**YOUR INSTRUCTIONS**
Your answer should be the lines below from the one with "Bay, Wisconsin. |" to the one with "Organize tasks from", both included, given again exactly and with nothing added.

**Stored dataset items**
== Segment start ==
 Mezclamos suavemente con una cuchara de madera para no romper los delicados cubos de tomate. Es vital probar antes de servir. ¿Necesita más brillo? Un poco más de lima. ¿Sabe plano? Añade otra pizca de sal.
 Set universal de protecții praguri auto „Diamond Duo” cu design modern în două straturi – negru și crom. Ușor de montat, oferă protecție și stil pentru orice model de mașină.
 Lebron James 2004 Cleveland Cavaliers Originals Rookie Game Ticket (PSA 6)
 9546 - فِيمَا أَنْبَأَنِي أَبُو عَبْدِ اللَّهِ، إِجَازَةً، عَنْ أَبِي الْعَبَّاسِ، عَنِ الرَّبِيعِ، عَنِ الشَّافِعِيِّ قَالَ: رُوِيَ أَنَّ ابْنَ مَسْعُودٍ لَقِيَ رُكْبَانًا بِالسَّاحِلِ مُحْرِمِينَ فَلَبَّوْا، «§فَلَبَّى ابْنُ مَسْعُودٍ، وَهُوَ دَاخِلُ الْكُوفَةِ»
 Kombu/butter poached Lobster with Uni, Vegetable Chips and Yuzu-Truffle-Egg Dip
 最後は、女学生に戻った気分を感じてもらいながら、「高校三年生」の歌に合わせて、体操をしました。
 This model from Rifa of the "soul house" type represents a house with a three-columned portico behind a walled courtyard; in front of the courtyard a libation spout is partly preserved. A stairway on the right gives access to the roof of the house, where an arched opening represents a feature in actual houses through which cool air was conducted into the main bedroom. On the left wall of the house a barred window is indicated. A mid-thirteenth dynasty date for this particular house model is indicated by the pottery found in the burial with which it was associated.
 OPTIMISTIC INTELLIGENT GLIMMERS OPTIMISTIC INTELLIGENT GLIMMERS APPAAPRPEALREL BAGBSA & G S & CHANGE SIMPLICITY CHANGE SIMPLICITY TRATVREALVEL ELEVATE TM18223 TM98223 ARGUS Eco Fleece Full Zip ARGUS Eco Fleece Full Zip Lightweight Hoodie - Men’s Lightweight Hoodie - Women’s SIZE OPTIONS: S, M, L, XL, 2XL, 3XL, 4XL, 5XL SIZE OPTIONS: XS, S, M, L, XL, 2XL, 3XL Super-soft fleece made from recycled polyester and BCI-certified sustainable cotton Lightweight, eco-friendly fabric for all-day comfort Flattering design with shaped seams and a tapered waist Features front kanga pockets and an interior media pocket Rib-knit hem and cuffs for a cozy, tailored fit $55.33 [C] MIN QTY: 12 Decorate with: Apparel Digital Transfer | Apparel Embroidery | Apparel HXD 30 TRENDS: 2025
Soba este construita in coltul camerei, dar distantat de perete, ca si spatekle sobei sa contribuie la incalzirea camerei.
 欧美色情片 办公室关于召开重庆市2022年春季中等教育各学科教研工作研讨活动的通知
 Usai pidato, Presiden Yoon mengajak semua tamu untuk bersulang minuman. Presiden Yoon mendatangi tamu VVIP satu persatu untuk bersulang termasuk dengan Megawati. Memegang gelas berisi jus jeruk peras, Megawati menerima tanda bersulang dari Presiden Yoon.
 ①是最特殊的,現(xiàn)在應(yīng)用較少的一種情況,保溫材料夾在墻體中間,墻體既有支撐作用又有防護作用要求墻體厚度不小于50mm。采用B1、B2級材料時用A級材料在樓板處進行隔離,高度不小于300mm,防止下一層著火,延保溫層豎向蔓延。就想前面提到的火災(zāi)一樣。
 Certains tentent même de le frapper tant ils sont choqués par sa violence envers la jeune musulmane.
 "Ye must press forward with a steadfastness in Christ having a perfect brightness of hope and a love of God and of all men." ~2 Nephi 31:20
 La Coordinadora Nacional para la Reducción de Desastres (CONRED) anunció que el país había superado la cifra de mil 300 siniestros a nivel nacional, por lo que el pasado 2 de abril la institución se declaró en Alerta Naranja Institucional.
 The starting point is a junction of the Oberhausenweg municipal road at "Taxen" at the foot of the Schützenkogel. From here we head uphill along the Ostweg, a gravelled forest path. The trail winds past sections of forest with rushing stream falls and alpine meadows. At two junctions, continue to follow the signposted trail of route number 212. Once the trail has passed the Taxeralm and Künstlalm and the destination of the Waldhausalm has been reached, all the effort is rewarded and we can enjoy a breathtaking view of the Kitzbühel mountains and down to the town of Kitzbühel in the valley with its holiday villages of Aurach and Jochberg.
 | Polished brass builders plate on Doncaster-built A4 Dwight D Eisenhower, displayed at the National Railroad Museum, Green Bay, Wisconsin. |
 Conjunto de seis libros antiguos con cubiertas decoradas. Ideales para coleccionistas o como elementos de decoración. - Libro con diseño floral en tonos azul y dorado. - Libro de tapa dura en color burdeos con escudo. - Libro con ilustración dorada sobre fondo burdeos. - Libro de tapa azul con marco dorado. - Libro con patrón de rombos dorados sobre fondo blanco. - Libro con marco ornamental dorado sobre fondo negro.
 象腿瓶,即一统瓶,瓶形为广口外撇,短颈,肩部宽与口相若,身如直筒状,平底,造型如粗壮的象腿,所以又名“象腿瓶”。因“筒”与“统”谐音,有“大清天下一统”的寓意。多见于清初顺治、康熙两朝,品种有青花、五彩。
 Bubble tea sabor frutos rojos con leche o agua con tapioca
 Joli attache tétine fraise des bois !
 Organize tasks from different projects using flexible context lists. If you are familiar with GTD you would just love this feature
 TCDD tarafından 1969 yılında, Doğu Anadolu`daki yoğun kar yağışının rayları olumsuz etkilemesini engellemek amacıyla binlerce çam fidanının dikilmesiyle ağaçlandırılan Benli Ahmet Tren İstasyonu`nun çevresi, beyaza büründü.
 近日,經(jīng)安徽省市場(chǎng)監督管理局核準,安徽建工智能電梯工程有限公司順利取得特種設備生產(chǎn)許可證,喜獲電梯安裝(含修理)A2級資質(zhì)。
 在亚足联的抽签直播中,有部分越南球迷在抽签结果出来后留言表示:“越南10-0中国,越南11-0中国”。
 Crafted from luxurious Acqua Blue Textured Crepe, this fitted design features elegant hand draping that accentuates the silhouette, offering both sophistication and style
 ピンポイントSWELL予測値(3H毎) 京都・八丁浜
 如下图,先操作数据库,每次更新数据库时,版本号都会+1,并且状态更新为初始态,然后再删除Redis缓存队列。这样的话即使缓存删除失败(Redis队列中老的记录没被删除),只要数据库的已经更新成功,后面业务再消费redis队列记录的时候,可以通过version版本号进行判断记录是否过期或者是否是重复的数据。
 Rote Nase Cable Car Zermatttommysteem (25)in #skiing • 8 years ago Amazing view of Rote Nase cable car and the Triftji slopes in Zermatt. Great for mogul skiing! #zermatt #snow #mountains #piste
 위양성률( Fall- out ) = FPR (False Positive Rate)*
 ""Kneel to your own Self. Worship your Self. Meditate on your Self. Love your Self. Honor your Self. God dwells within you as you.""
== Segment end ==
**SOLUTION TO THIS TASK**
 | Polished brass builders plate on Doncaster-built A4 Dwight D Eisenhower, displayed at the National Railroad Museum, Green Bay, Wisconsin. |
 Conjunto de seis libros antiguos con cubiertas decoradas. Ideales para coleccionistas o como elementos de decoración. - Libro con diseño floral en tonos azul y dorado. - Libro de tapa dura en color burdeos con escudo. - Libro con ilustración dorada sobre fondo burdeos. - Libro de tapa azul con marco dorado. - Libro con patrón de rombos dorados sobre fondo blanco. - Libro con marco ornamental dorado sobre fondo negro.
 象腿瓶,即一统瓶,瓶形为广口外撇,短颈,肩部宽与口相若,身如直筒状,平底,造型如粗壮的象腿,所以又名“象腿瓶”。因“筒”与“统”谐音,有“大清天下一统”的寓意。多见于清初顺治、康熙两朝,品种有青花、五彩。
 Bubble tea sabor frutos rojos con leche o agua con tapioca
 Joli attache tétine fraise des bois !
 Organize tasks from different projects using flexible context lists. If you are familiar with GTD you would just love this feature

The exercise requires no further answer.